Tiff mengusap surai rambut anak perempuannya ini, “Kamu yakin mau nikah sama Leon? Mamah takut, kak....”
Klea meneteskan air matanya. Ia tahu betul mengapa Tiff takut, dan tentunya juga sebelumnya Abram melarangnya untuk menikah dengan Leon. Karena mereka takut, takut kejadian dulu akan terulang lagi. Tiff dan Abram takut jika Leon akan menyakiti anak perempuannya kembali.
“Aku lakuin ini semua untuk Ale, mah. Bakal aku lakuin apapun itu untuk bahagiain anak aku,” ucap Klea menatap Tiff dengan mata yang berkaca-kaca
“Kamu tau pernikahan bukan main-main, kak....” ucap Tiff menatap anaknya dengan tatapan sendu
Klea menghela napas beratnya, “Insyaallah aku bisa hadapin semua ini....”
Tiff meneteskan air matanya, lalu ia memeluk anak perempuannya ini.
Setelah beberapa menit melakukan perjalanan ke tempat acara pernikahan berlangsung, kini Klea dan keluarga telah sampai di gedung pernikahan yang letaknya tidak terlalu jauh dari rumah Klea.
Para tamu undangan pun sudah hadir disini, Klea juga melihat teman-temannya yang sedari tadi setia menemaninya.
“Senyum....” ucap Kala dan Wawa dari jauh
Klea tersenyum getir. Lalu, mata ia beralih ke Ajeng, Bella, dan Bapak yang duduk bersampingan dengan teman-temannya.
Ajeng, Bella, dan Bapak tersenyum sambil mengangguk tulus.
“Gapapa, Klea....” ucap Ajeng pelan menatap Klea yang sudah terduduk manis di kursi akad
Klea membalikkan tubuhnya, ia menoleh ke arah Leon yang kini berada di sampingnya. Ia sudah sangat rapih mengenakan jas bewarna putih serta peci yang menempel di kepalanya. Klea menahan tangisnya mati-matian, ia teringat Agil.
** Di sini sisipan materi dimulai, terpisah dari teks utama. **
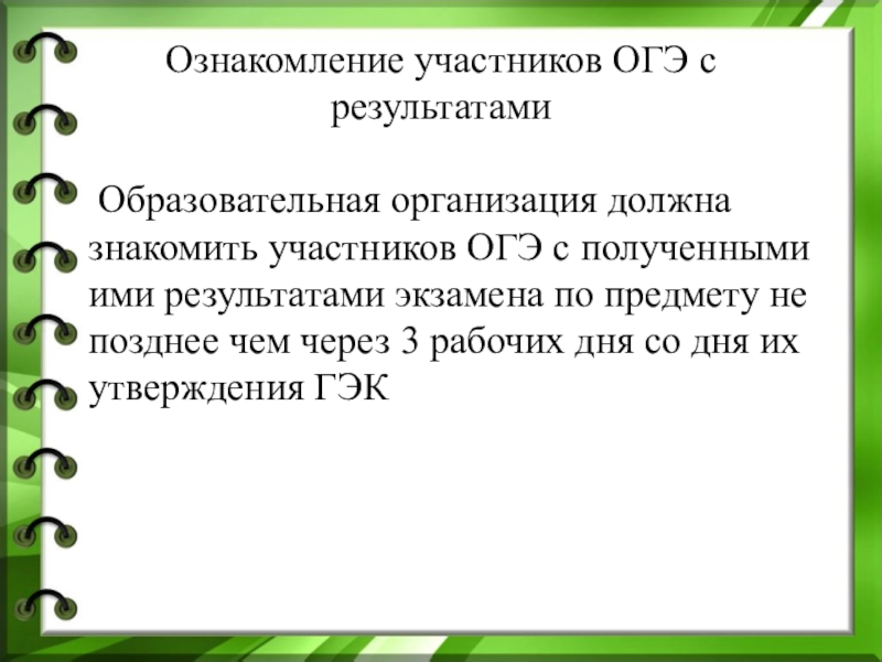 Слайд 28Ознакомление участников ОГЭ с результатами

Leon yang tersadar bahwa Klea menatap dirinya langsung menoleh, ia melihat Klea yang menatapnya dengan mata yang berkaca-kaca.
Leon menghela napasnya, “Maaf....” ucapnya setelah itu ia melihat Klea yang langsung memalingkan wajahnya ke arah lain
“Ini langsung saja ya kita mulai akadnya. Pak, mari silahkan di mulai,” ucap Pak penghulu menatap Abram
Klea menatap sang Papah, ia tahu pasti bahwa Abram tidak rela menyerahkan anaknya kepada Leon. Karena ia tahu perlakuan Leon dulu kepada anaknya bagaimana. Tapi dengan segala cara Klea membujuknya, dengan terpaksa Abram menuruti permintaan Klea. Klea pun juga terpaksa, ia melakukan semua ini demi putrinya, Alea.
Klea meyakinkan dirinya berulang kali, lalu ia mengangguk lemah sambil menatap Abram.
Abram mengangguk dan menghela napasnya, lalu detik itu juga ia langsung menjabat tangan Leon.
“Bismillahirrahmanirrahim. Saya nikahkan engkau, Leonadio Aksara bin Gavino Aksara dengan putri saya, Akleea Ayu Adine binti Abramahaga Adine, dengan seperangkat alat sholat dibayar tunai.”
“Saya terima nikahnya Akleea Ayu Adine binti Abramahaga Adine dengan seperangkat alat sholat dibayar tunai,” ucap Leon
“Bagaimana para saksi? Sah?” ucap Penghulu
“SAH!” ucap para hadirin serentak
“Alhamdulillahi rabbil’alamin....”
Klea menunduk, ia meneteskan air matanya.